- _Activity_:
Although pictures appear in the data, the answer should contain only the lines from its start through the line with "同調査によると2025年11", written out exactly.

- _Excerpts from a dataset_:
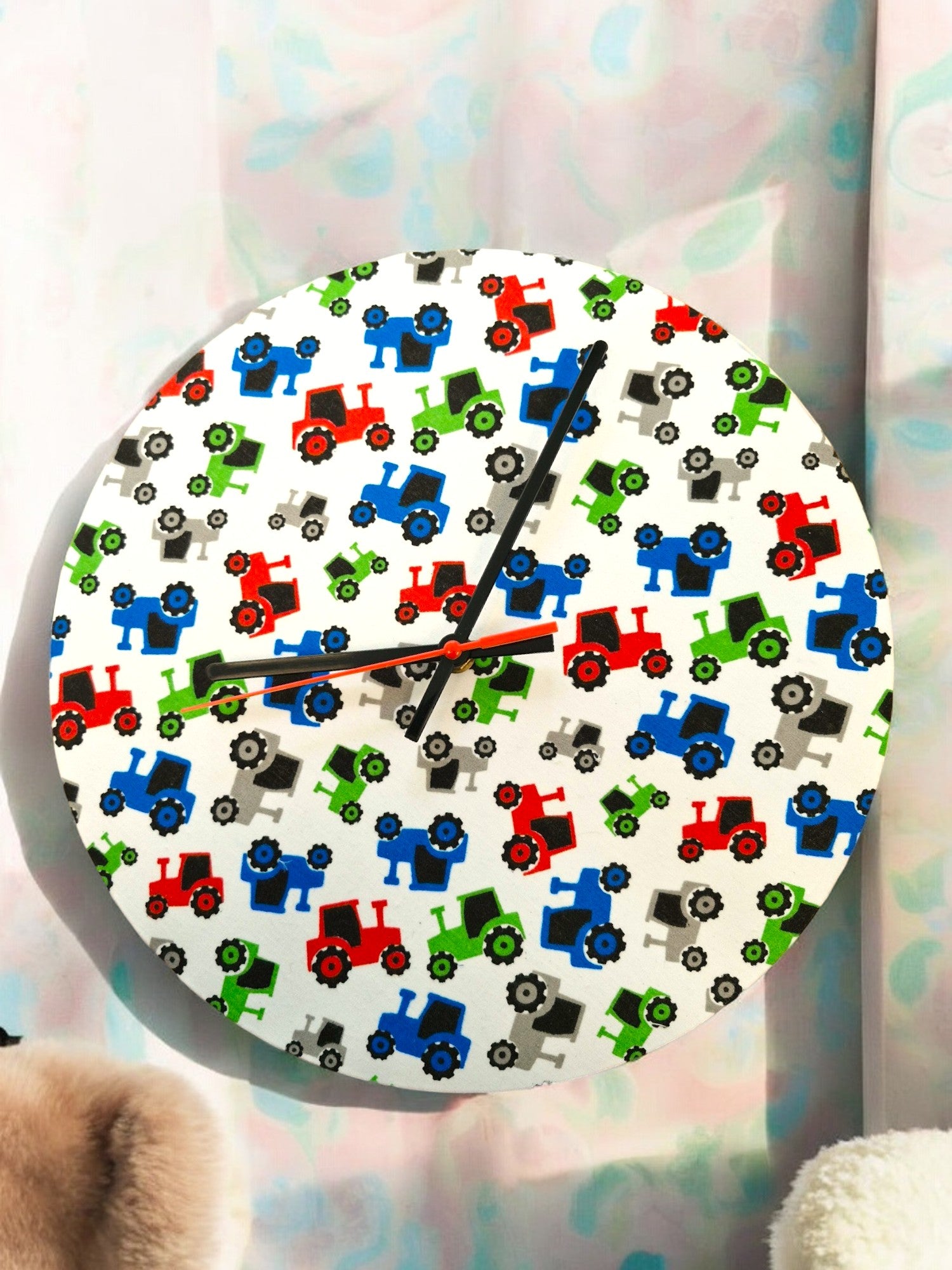 Handmade 30cms Round fully functioning Clock. The 100% cotton fabric has a White background and features Multi coloured and Black Tractors. The minute and hour hands are in Black with a Burnt Orange second hand.
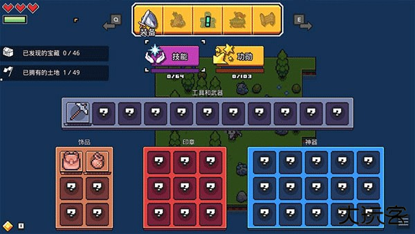 点击菜单栏中的“装备”按钮,可打开装备界面,此处将展示已经解锁的工具、武器、饰品、印章及神器
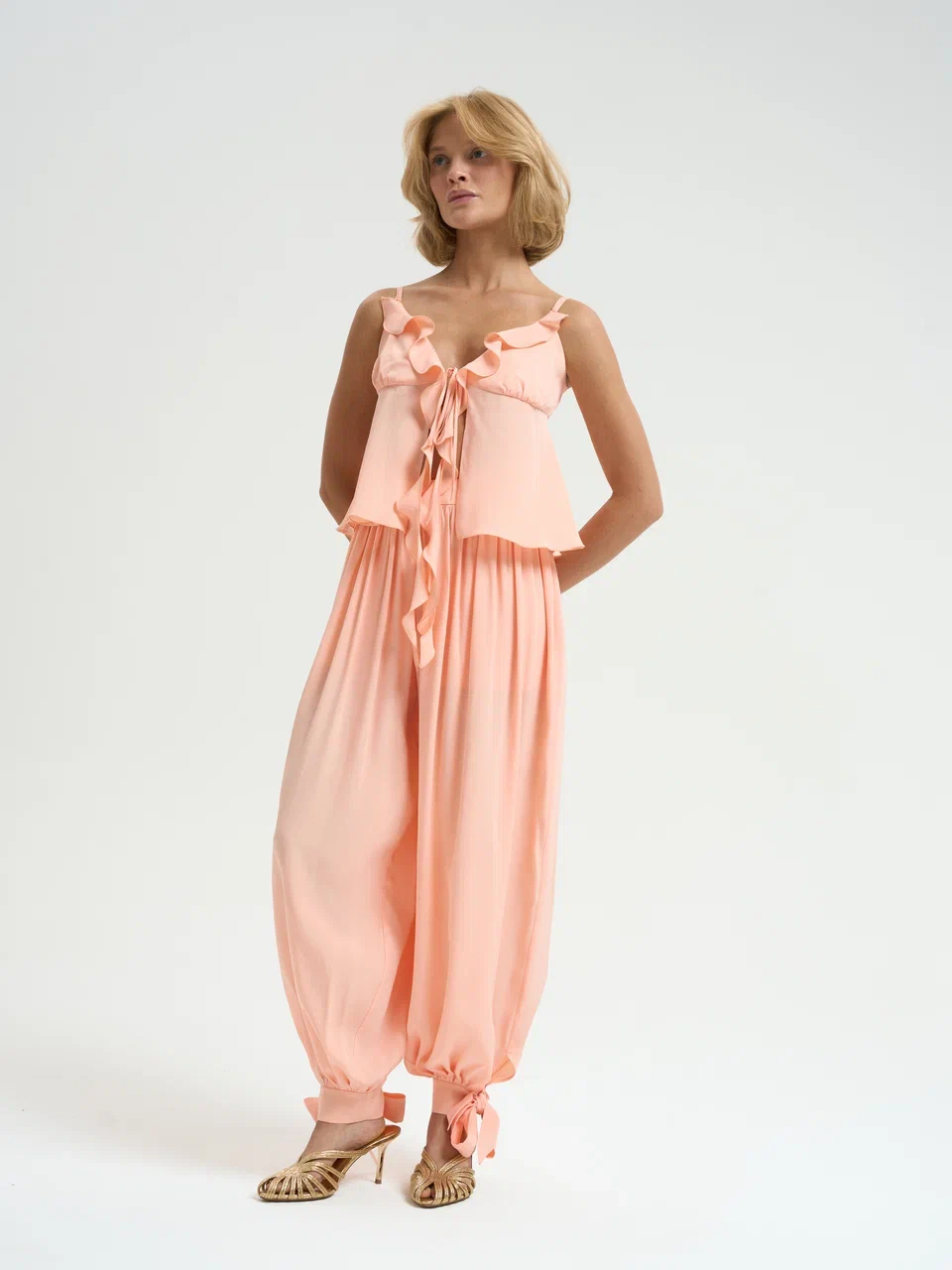 Топ шелковый с воланами на завязках персикового цвета
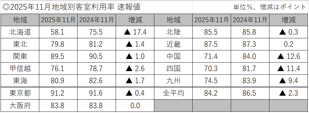 同調査によると2025年11月の全国平均は84.2%、前年同月86.5%と2.3ポイント減の結果となった。
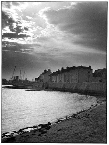 Hartlepool is a town associated with shipping, steel works, heavy industry, and the tale about the monkey on the beach. But the Old Town in Hartlepool is one area which goes back many years in history, and has fascinating historical connections. This view is of the houses near the fish quay, taken on a summer evening. Even here, however, the dockside cranes are not too far away. |
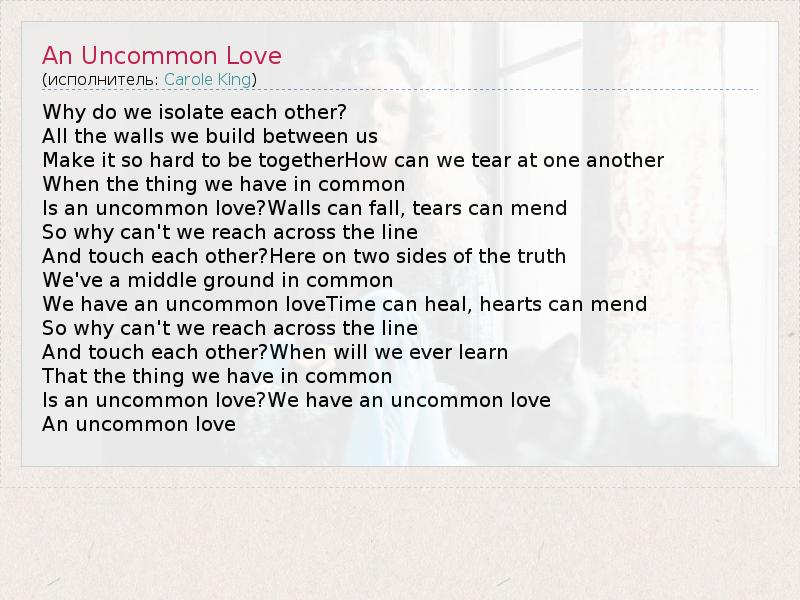 А как ты думаешь, о чем песня "An Uncommon Love" ?
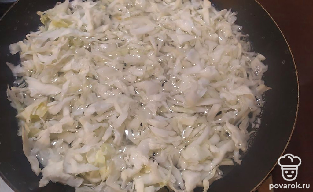 Капусту белокочанную шинкуем, желательно мелко. Выкладываем в кастрюльку или сковородку и заливаем полностью водой. Отвариваем до готовности
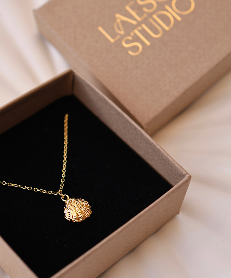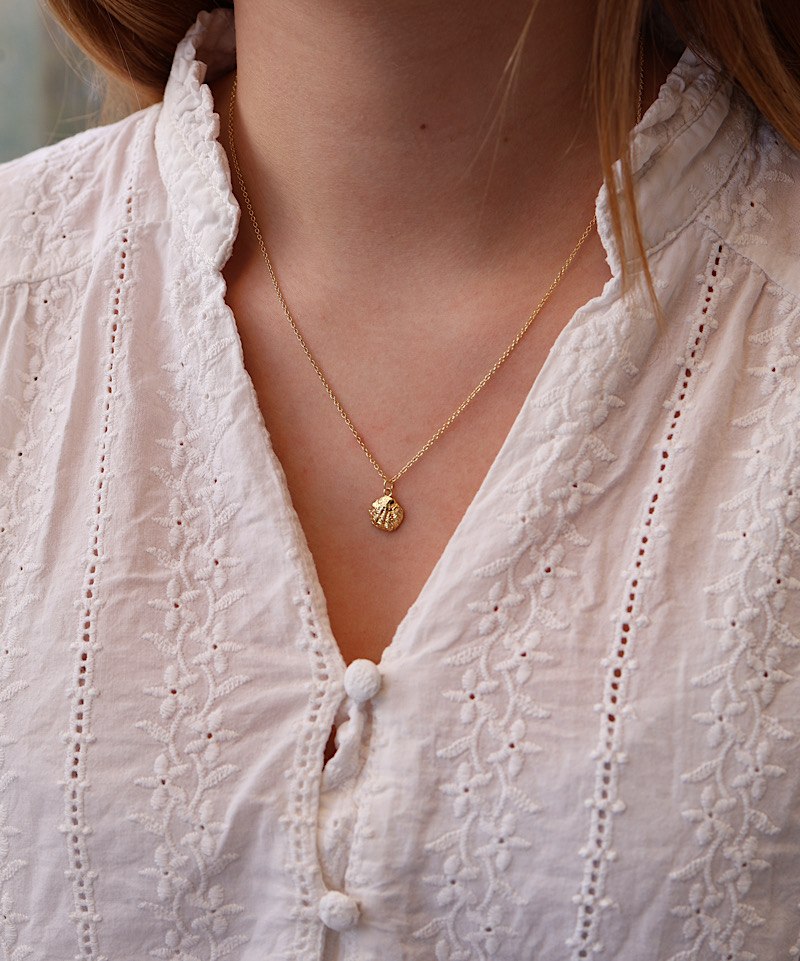 Den smukke Oestrea mini halskæde er taget direkte ud af en havfrue film og er inspireret af de smukke Limfjords østers Ostrea Edulis.
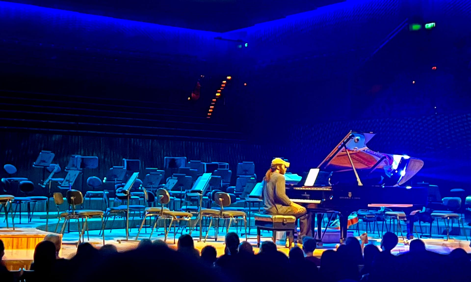 After an interval that was spent out on the Opera House courtyard, taking in the brilliant lights of Vivid, we took our seats for the first duet with Hynes’ friend and collaborator, Adam Tendler. Tendler bounded onto the stage with a huge smile and jubilant energy before taking his seat at a second piano that faced Hynes. As the two began performing The Longest Ride, a piece Hynes wrote for the 2020 coming-of-age drama television miniseries We Are Who We Are, I couldn’t take my eyes off Adam Tendler’s physicality while playing. His was the robust foil for Hynes’ hypnotic circular motifs, with Tendler rising from his seat at times to give extra emotional energy to his enthusiastic performance. Enveloped in the piece, switching from ecstatic joy to deep-seated reverence, Tendler and Hynes kept a telepathic communication open throughout via acknowledgement, encouragement, and respect. It was a joy to witness.
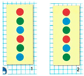 Отличия двух картинок в том, что на первой картинке вторая фигура – это зелёный круг, а на второй картинке – синий круг; третья фигура на первой картинке – это синий круг, а на второй картинке – зелёный круг; пятая фигура на первой картинке – это зелёный круг, а на второй картинке – синий круг; последней фигурой на первой картинке является синий круг, а на второй картинке – зелёный круг.
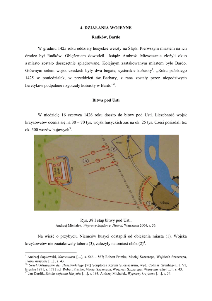 4. DZIAŁANIA WOJENNE Radków, Bardo W grudniu 1425 roku oddziały husyckie weszły na Śląsk. Pierwszym miastem na ich drodze był Radków. OblęŜeniem dowodził ksiądz AmbroŜ. Mieszczanie złoŜyli okup a miasto zostało doszczętnie splądrowane. Kolejnym zaatakowanym miastem było Bardo. Głównym celem wojsk czeskich były dwa bogate, cysterskie kościoły1. „Roku pańskiego 1425 w poniedziałek, w przeddzień św. Barbary, z rana zostały przez niegodziwych heretyków podpalone i zgorzały kościoły w Bardo”2. Bitwa pod Usti W niedzielę 16 czerwca 1426 roku doszło do bitwy pod Usti. Liczebność wojsk krzyŜowców ocenia się na 30 – 70 tys. wojsk husyckich zaś na ok. 25 tys. Czesi posiadali tez ok. 500 wozów bojowych3. Rys. 38 I etap bitwy pod Usti. Andrzej Michałek, Wyprawy krzyŜowe. Husyci, Warszawa 2004, s. 56. Na wieść o przybyciu Niemców husyci odstąpili od oblęŜenia miasta (1). Wojska krzyŜowców nie zaatakowały taboru (3), załoŜyły natomiast obóz (2)4. 1 Andrzej Sapkowski, Narrenturm […], s. 566 – 567; Robert Primke, Maciej Szczerepa, Wojciech Szczerepa, Wojny husyckie […] , s. 43. 46 Geschichtsquellen der Hussitenkriege [w:] Scriptores Rerum Silesiacarum, wyd. Colmar Grunhagen, t. VI, Breslau 1871, s. 173 [w:] Robert Primke, Maciej Szczerepa, Wojciech Szczerepa, Wojny husyckie […] , s. 43. 47 Jan Durdik, Sztuka wojenna Husytów […], s. 193, Andrzej Michałek, Wyprawy krzyŜowe […], s. 54. Rys. 39 II etap bitwy pod Usti Andrzej Michałek, Wyprawy krzyŜowe. Husyci, Warszawa 2004, s. 56. Następnie Niemcy przeprowadzali falowe ataki piechoty (4) artyleria zaś pilnowała skrzydeł piechurów przed atakiem husyckiej jazdy (5). Po pierwszych atakach pierwsza linia husytów została powaŜnie nadwątlona. Czesi wycofali z niej większość dział (6)5. Rys. 40 III etap bitwy pod Usti Andrzej Michałek, Wyprawy krzyŜowe. Husyci, Warszawa 2004, s. 56. 4 5 Andrzej Michałek, Wyprawy krzyŜowe […], s. 56. Ibidem. Ostatni, trzeci etap bitwy został opisany w pierwszym tomie Trylogii. Niemiecka piechota przełamała pierwszą linię husytów (7). Wraz z piechotą zaatakowała, nie część jak planowano a cała kawaleria (8). W stronę atakującego, zbitego tłumu Czesi wystrzelili dwie salwy z broni palnej i artylerii. Pod ostrzałem atak wyraźnie załamał się. Do wewnętrznego czworoboku wozów dotarli nieliczni. Wówczas nastąpiło przeciwnatarcie piechoty i kawalerii czeskiej (9, 10), które ostatecznie przechyliło szalę zwycięstwa na korzyść Czechów. Niemcy chcąc uniknąć okrąŜenia wycofali się (11). Liczbę ofiar w bitwie pod Usti źródła szacują na ok. 10 tys. Choć są to dane przesadzone to jednak pozwalają ocenić skalę bitwy i zwycięstwa Czechów6. Bitwa pod Nysą 18 marca 1428 roku doszło do kolejnej duŜej bitwy, która znalazła swój opis na kartach Trylogii. Próby powstrzymania marszu armii husyckiej, która plądrowała miasta śląskie podjął biskup Konrad. Do starcia doszło pod Nysą. Liczba wojsk husyckich miała sięgać nawet 25 tys.. Podstawę wojsk biskupich stanowili chłopi. Według opisu Sapkowskiego chłopska piechota uciekła z pola bitwy juŜ po pierwszej salwie husytów. I rzeczywiście oddziały chłopskie praktycznie nie podjęły walki. Bitwa skończyła się druzgocącą klęską wojsk biskupich. Liczba poległych sięgnęła według przekazów od 1 do 5 tys. Samo miasto pozostało nietknięte, husyci splądrowali jedynie okolice7. Kłodzko, Otmuchów, Ząbkowice Śląskie, Złotoryja, Chojnów W tym samym miesiącu husyci podjęli próbę zdobycia Kłodzka. Miasto było jednak dobrze przygotowane do obrony. W tomie drugim, pt: „BoŜy bojownicy” pojawia się opis jak to mieszczanie kłodzcy rozbierają potęŜny kamienny budynek zakonu franciszkanów. Obawiano się bowiem iŜ budynek będzie mógł posłuŜyć husytom podczas oblęŜenia. Prawdą jest jakoby starosta kłodzki wydal taki rozkaz lecz uczynił to w roku 1427. Tak więc kiedy husyci oblegali Kłodzko ów klasztor juŜ nie istniał. OblęŜenie nie przyniosło rezultatów. Kłodzka nie udało się Czechom zdobyć. 28 marca husyci splądrowali i spalili naleŜący do biskupa Konrada Otmuchów, łącznie z kolegiatą, w kwietniu zaś Ząbkowice Śląskie (Frankenstein). Pod koniec kwietnia napadli Chojnów. Sapkowski pisze, zgodnie z rzeczywistością, Ŝe ksiąŜę lubiński Ruprecht jeszcze przed atakiem zbiegł z miasta wraz z 6 Andrzej Sapkowski, BoŜy bojownicy […], s. 20 – 22; Andrzej Michałek, Wyprawy krzyŜowe […], s. 56; Jan Durdik, Sztuka wojenna Husytów […], s. 193 – 195. 7 Robert Primke, Maciej Szczerepa, Wojciech Szczerepa, Wojny husyckie […] , s. 61 – 62; Andrzej Sapkowski, BoŜy bojownicy […], s. 410 – 411; Piotr Marczak, Wojny husyckie […], s. 99. rycerstwem. Czesi bez duŜych problemów dostali się za mury miejskie. Jeden dowodzących, Kralovec wydał rozkaz wymordowania wszystkich mieszkańców i spalenia miasta. Jak podaje źródło z mieszczan ocalało 15 osób. W dalszej części ksiąŜki pojawiają się wspomnienia dotyczące zniszczenia Złotoryi. W połowie maja husyci wdarli się do miasta. Część mieszczan, w tym dowodzący obroną Georg von Unruh uciekła na samą wieść o nadciągającym wrogu. Ucieczka nie powiodła się gdyŜ mieszkańcy wpadli na oddział husytów. W efekcie część mieszczan stratowała się nawzajem a pozostałych przy Ŝyciu wymordowali Czesi. Splądrowane zostały wszystkie domy oraz kościół franciszkanów8. Bitwa pod Starym Wielisławiem Do kolejnej duŜej bitwy doszło 27 grudnia 1428 roku. Wojska husyckie obozowały w Kotlinie Kłodzkiej. Obóz był dobrze zabezpieczony. Husyci przebywali w tym miejscu kilkanaście dni, pustosząc okoliczne wsie. Czas ten wykorzystał ksiąŜę Jan Ziębicki, który zrywając zawarty z Czechami układ zgromadził wojsko. W skład jego armii wchodziły oddziały ziębickie, świdnickie, wrocławskie

- _Exercise output_:
 Handmade 30cms Round fully functioning Clock. The 100% cotton fabric has a White background and features Multi coloured and Black Tractors. The minute and hour hands are in Black with a Burnt Orange second hand.
 点击菜单栏中的“装备”按钮,可打开装备界面,此处将展示已经解锁的工具、武器、饰品、印章及神器
 Топ шелковый с воланами на завязках персикового цвета
 同調査によると2025年11月の全国平均は84.2%、前年同月86.5%と2.3ポイント減の結果となった。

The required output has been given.